Он перескочил через отсеченную голову статуи и поманил за собой Антроса. Несмотря на слова Радела, лексиканий невольно вздрагивал всякий раз, когда вокруг падали и взрывались снаряды. Один из них лег совсем рядом, разнеся на части триумфальную арку, и Луций закрыл руками лицо, увидев мчащийся к нему осколок размером с танк. Каменная глыба пролетела сквозь него, не причинив вреда, и рухнула в нескольких метрах позади. Антрос осмотрел свои латы, убедившись, что они невредимы. Заинтригованный, библиарий попытался протолкнуть сабатон сквозь камни, на которых стоял, и это у него получилось. Подошва прошла сквозь землю, как сквозь воду. Он стал призраком.

— Иллюзия отражает законы физики реального мира, — пояснил ему Рацел, продолжая пробираться через пустынный ландшафт. — Так разуму легче ее воспринимать. Мы могли бы с тем же успехом пролететь сквозь камни, но наш мозг испытывает раздражающую тягу к ограничениям материума, поэтому заставляет нас думать, что нам нужно карабкаться и идти сквозь «настоящий» улей Гадес.

— Улей Гадес? — воскликнул Антрос, вновь окинув взглядом расколотые шпили. Внезапно он узнал развалины истерзанного войной мира. Битвы за Армагеддон были столь ожесточенными, что вошли в легенды, а сражение за улей Гадес занимало особенно важное место в истории Кровавых Ангелов. — Зачем мы тут? — спросил он, пытаясь перекричать грохот взрывов и осыпающихся стен.

— Послушай, неофит, — вздохнул Рацел, повернувшись к спешившему за ним Луцию. — Я ведь сказал тебе, что мы не там и не тогда. Мы на Ваале под Дневным Склепом и кричим в тишине Химических Сфер, словно идиоты, которым нечем заняться.

Взобравшимся на разбитую опору библиариям предстала картина бойни. В воронке внизу лежали трупы десятков ксенотварей — огромных и зеленокожих, в кое-как сколоченных доспехах, даже после смерти сжимавших в лапах оружие, собранное из металлолома. Головы, почти лишенные шей, и приплюснутые морды делали этих существ похожими на кабанов; выступающие из массивных челюстей клыки только усиливали сходство. Каждое из этих грубых созданий при жизни внушало ужас. Сейчас же их выпотрошенные и истекающие кровью тела постепенно разлагались под лучами солнца, окруженные тучами мух.
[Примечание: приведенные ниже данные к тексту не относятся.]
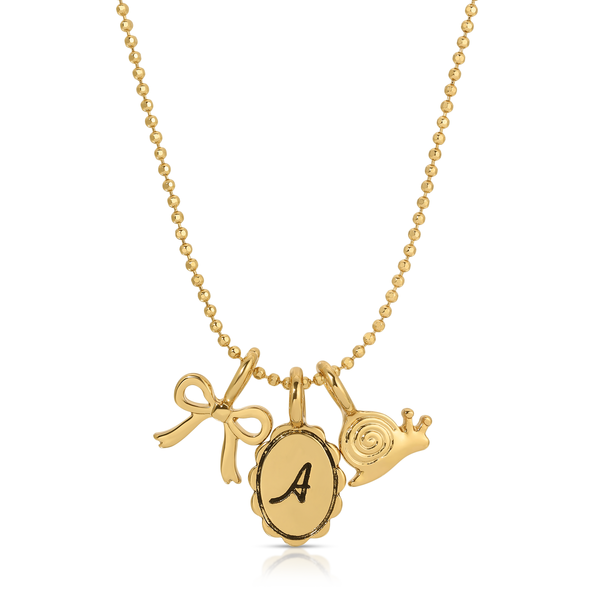 A fresh take on our original Charm Builder Collection! The Charm Garden features miniature vintage-inspired shape and initial charms that can be added to beaded chain necklaces and bracelets to create your perfectly personalized jewelry bouquet. Charms and chains are dipped in 14K Gold. The chain necklace is adjustable 16-18" in length and the chain bracelet fits up to 8" wrists. Charms feature scratch-proof enamel coating.

На рухнувшей колонне, сжимая в руках сердце ксеноса, сидел воин, сразу привлекший внимание Антроса. Черные доспехи с характерным красным поперечным крестом выдавали в нем одного из храбрых братьев роты смерти Кровавых Ангелов, утративших рассудок из-за генного проклятия. Берсерки роты смерти могли послужить ордену, лишь заставив врага дорого заплатить за свою жизнь, поэтому сложно было даже представить, что один из них будет спокойно сидеть на камнях, а не бушевать, крича и убивая, пока не испустит последний вздох. Однако когда Луций увидел лицо Ангела, его осенило. Перед ними был Мефистон, такой, каким он был прежде, — столь же совершенный телом, как и любой из сынов Сангвиния.

— Калистарий, — прошептал лексиканий. Он стал свидетелем часа перерождения Мефистона.

Со своей точки обзора на вершине опоры Антрос видел, что через развалины к сидящему Калистарию неуклюже бегут десятки ксеносов. Луций уже собирался закричать, предупредить брата, когда Рацел взял его за руку.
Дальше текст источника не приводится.